Celeste distolse lo sguardo da lei, e Anastasia sentì il nodo che le si era formato nello stomaco allentarsi.  

«Sì» rispose semplicemente la sorella, iniziando a spazzare. C’era della cenere di sigaretta per terra. Anastasia aveva la sensazione che di lì a poco avrebbe avuto una ramanzina che non si sarebbe scordata per i prossimi dieci anni. «Sono pericolosi, Anastasia!» sbottò Celeste, fissandola negli occhi. Anastasia vide chiaramente, da come aveva posato con troppa foga il barattolo di conserva sulla credenza, che la sorella era nervosa, ma anche che, con la sua espressione fredda, cercava di non darlo a vedere.  

«Si... lo so...» rispose Anastasia, abbassando gli occhi, non riuscendo a sostenere lo sguardo della sorella maggiore. Era mortificata: l’ultima cosa che voleva era deludere sua sorella.  

«Mi devi promettere che non interagirai con loro: a meno che non sia strettamente necessario, intendo». Il tono di Celeste non ammetteva assolutamente repliche da parte della sorellina.  

«Te lo prometto» la rassicurò Anastasia. Tuttavia, continuava a guardarsi la punta dei piedi. Alzò di scattò la testa solo quando sentì le parole successive di Celeste. 

«Il tenente Fischer… è stato lui a farci questo… e sa di nostro padre. Siamo al centro della sua attenzione». Le parole di Celeste portavano con sé il peso di un ricordo troppo doloroso, che provocò il magone anche nella più giovane. 

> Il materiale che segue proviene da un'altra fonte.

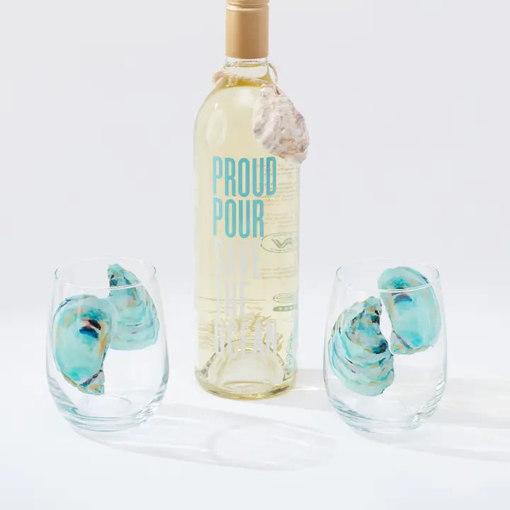 Crafted from high-quality materials, this stemless wine glass minimizes the risk of breakage, making it a durable and long-lasting option for both indoor and outdoor use. The sleek and streamlined design ensures a comfortable grip, while the 15oz capacity is perfect for serving your favorite wine or beverage. The standout feature of this wine glass is the original artwork by Kim Hovell - Providence. This artwork features Kim's staple: oysters. The colorful oyster shells add a unique coastal vibe to your barware.
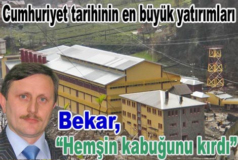 Hemşin'in Cumhuriyet tarihinin en büyük yatırımlarını AK Parti hükümeti döneminde aldığını söyleyen Bekar, Maalesef Hemşin ilçemiz, ciddi projeler gündeme getirilemediği için yıllarca kabuğuna hapsolmuştur. Bizzat parti teşkilatı olarak bu fabrikanın kurulması için gece gündüz çalışmış, konuyu başbakanımıza kadar taşımışızdır. Bu fabrika Sayın Başbakanımızın Hemşin'e bir armağanıdır. dedi.
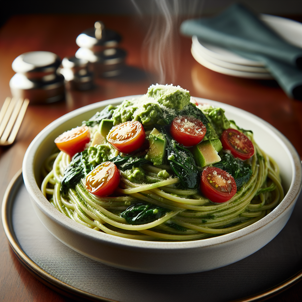 A simple, low-fat vegetarian pasta for two with a creamy avocado-spinach sauce — whole wheat spaghetti tossed with blended avocado, fresh spinach, garlic, Greek yogurt and Parmesan, topped with cherry tomatoes.
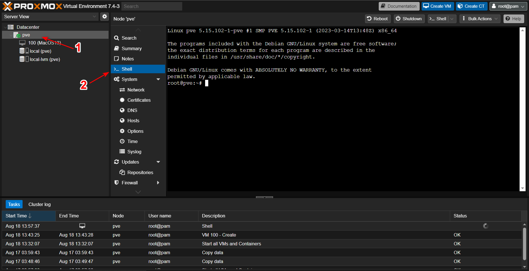 点击左侧的节点 > Shell。
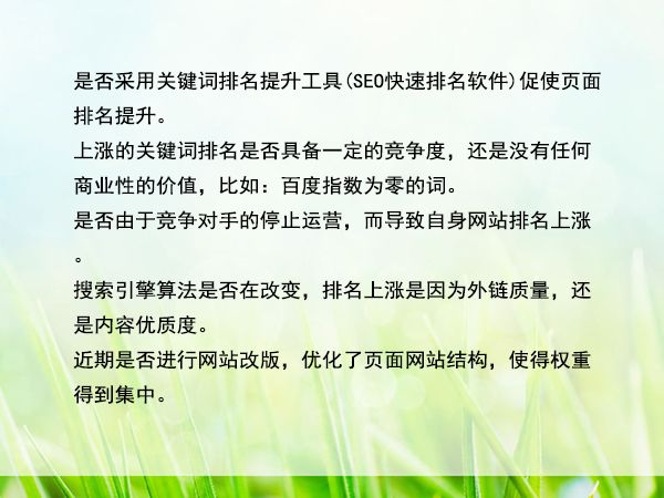 1.是否采用關(guān)鍵詞排名提升工具(SEO快速排名軟件)促使頁(yè)面排名提升。
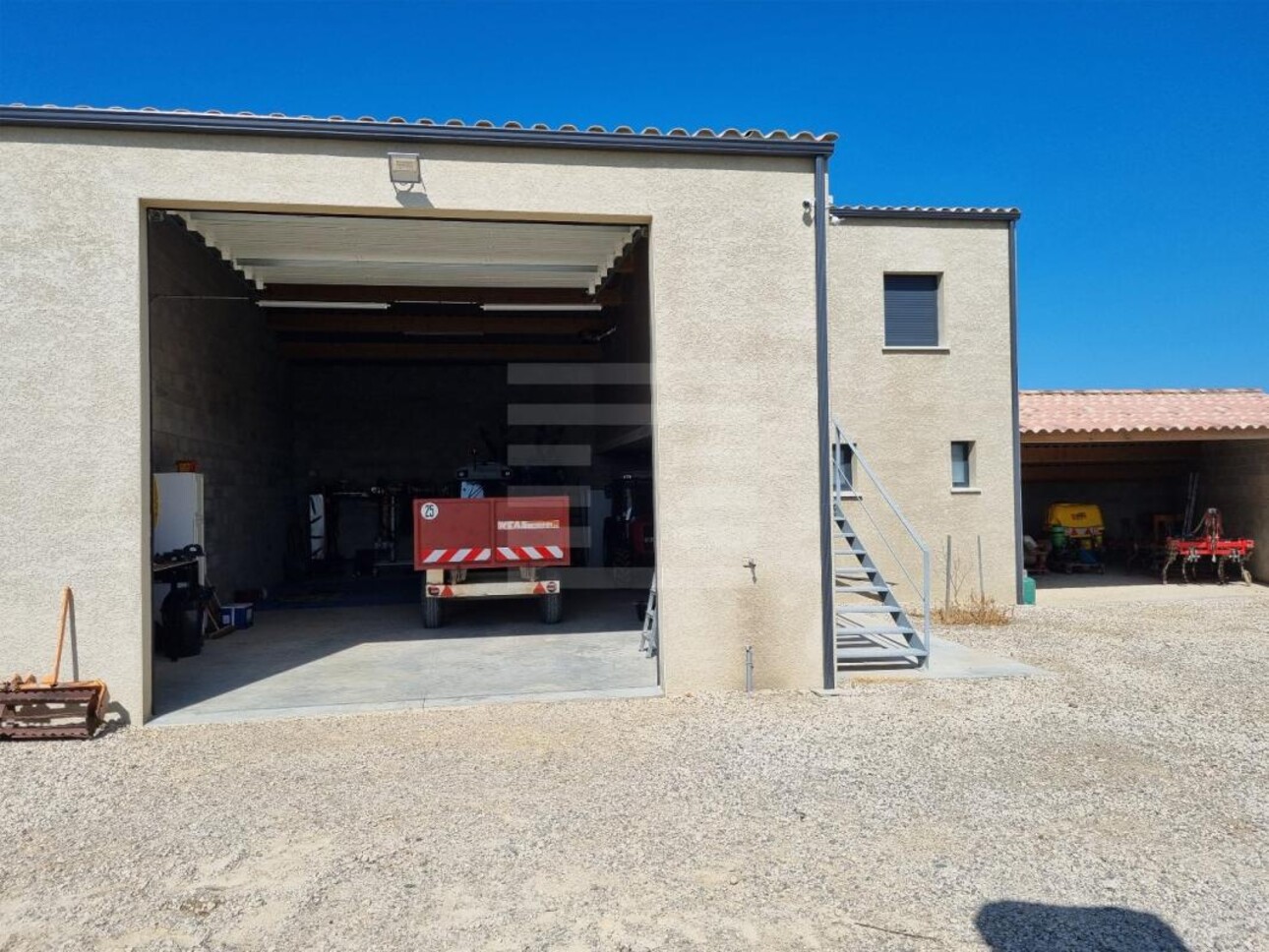 Hangar de 138m² construit en 2023 en parpaing de 27 avec charpente bois et panneaux sandwich. Dalle béton lisse. Grande porte automatique Hauteur sous faitière importante Pièce bureau isolée, sanitaires complets en bas, établis en place. Auvent ouvert de 25m² attenant en dur aussi pour rangement matériel au sec A l'étage petit appartement moderne et neuf de 45m² avec cuisine équipée, 2 chambres de 8-9m², SDB et séjour.(branchement électrique séparé, pré-équipement climatisation, eau de ville). L'ensemble est clôturé par un mur de parpaing avec cour stabilisée sur une parcelle de 1495m² Idéal pour artisan Propriété viticole de 16.5ha en AOP Corbières avec matériel complet de conduite des vignes. Le vignoble est en pleine capacité de production, excellement entretenu. Le matériel est en parfait état d'entretien (inventaire complet sur demande). ll a été expertisé à 80 000 €. Le propriétaire est prêt à accompagner le nouvel acquéreur pendant une durée à définir.

Anastasia riuscì finalmente a collegare i pezzi. Il modo in cui lui aveva pronunciato il suo nome, affermando di averlo già sentito. Aveva giocato con lei, in modo subdolo e traditore. Le si era avvicinato come per salvarla da una situazione che avrebbe imbarazzato persino la persona più spudorata sulla faccia della terra, le aveva chiesto se stava bene e le aveva sorriso: tutto per conquistare la sua fiducia. Che cosa pensava di scoprire? Che tutta la sua famiglia era traditrice del regime?